Data excerpt:
━━━

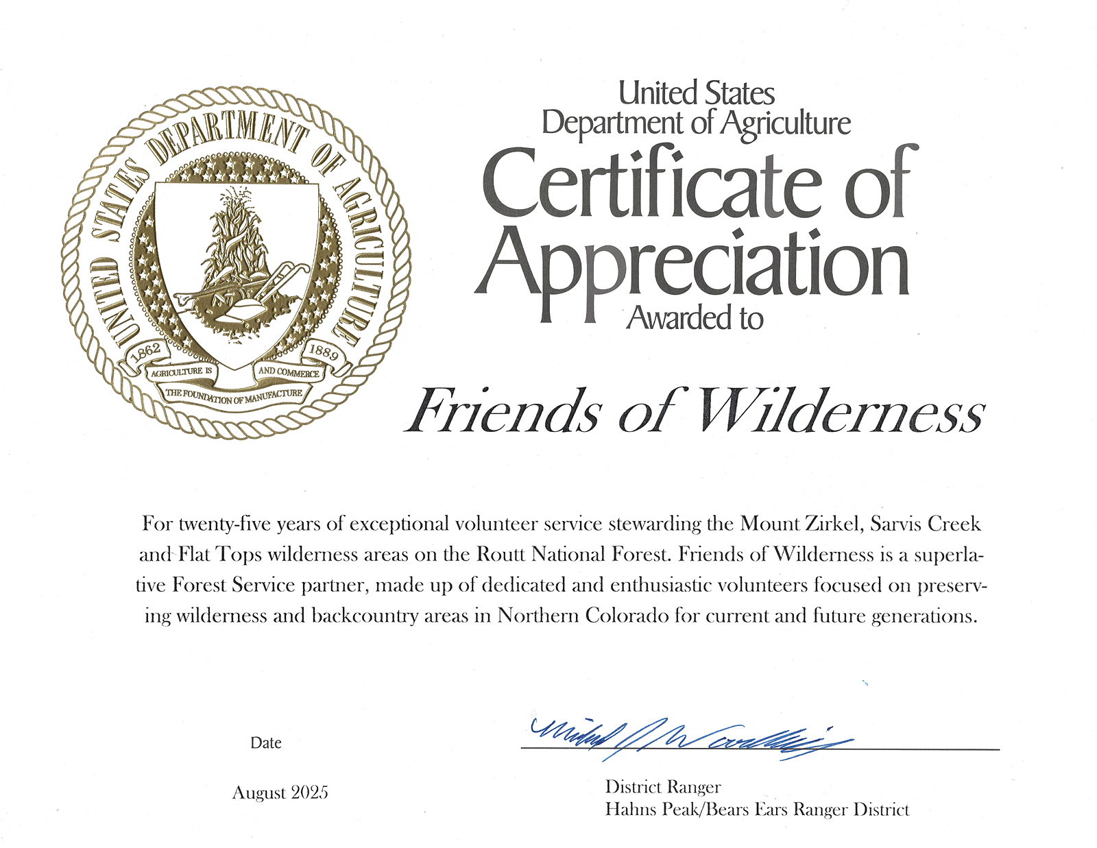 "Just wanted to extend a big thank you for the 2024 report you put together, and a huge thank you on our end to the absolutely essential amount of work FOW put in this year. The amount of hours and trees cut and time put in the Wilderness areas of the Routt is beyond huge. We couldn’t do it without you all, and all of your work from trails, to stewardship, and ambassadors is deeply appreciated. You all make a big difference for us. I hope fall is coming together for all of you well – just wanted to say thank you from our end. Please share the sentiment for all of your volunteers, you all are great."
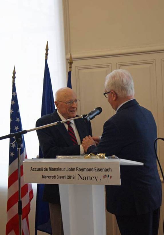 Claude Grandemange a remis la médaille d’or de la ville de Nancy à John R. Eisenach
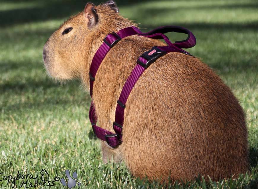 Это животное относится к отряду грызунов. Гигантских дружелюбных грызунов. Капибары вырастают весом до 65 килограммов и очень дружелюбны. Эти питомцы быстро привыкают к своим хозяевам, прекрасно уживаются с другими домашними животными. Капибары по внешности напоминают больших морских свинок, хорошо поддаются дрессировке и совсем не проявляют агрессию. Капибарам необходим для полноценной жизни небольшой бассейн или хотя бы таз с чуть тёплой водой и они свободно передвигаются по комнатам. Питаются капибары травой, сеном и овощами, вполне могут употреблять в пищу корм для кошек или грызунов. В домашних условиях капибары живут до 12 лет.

━━━

Your assignment: Pictures are to be left out. Otherwise, copy the material above exactly.

Answer for the task:
 "Just wanted to extend a big thank you for the 2024 report you put together, and a huge thank you on our end to the absolutely essential amount of work FOW put in this year. The amount of hours and trees cut and time put in the Wilderness areas of the Routt is beyond huge. We couldn’t do it without you all, and all of your work from trails, to stewardship, and ambassadors is deeply appreciated. You all make a big difference for us. I hope fall is coming together for all of you well – just wanted to say thank you from our end. Please share the sentiment for all of your volunteers, you all are great."
 Claude Grandemange a remis la médaille d’or de la ville de Nancy à John R. Eisenach
 Это животное относится к отряду грызунов. Гигантских дружелюбных грызунов. Капибары вырастают весом до 65 килограммов и очень дружелюбны. Эти питомцы быстро привыкают к своим хозяевам, прекрасно уживаются с другими домашними животными. Капибары по внешности напоминают больших морских свинок, хорошо поддаются дрессировке и совсем не проявляют агрессию. Капибарам необходим для полноценной жизни небольшой бассейн или хотя бы таз с чуть тёплой водой и они свободно передвигаются по комнатам. Питаются капибары травой, сеном и овощами, вполне могут употреблять в пищу корм для кошек или грызунов. В домашних условиях капибары живут до 12 лет.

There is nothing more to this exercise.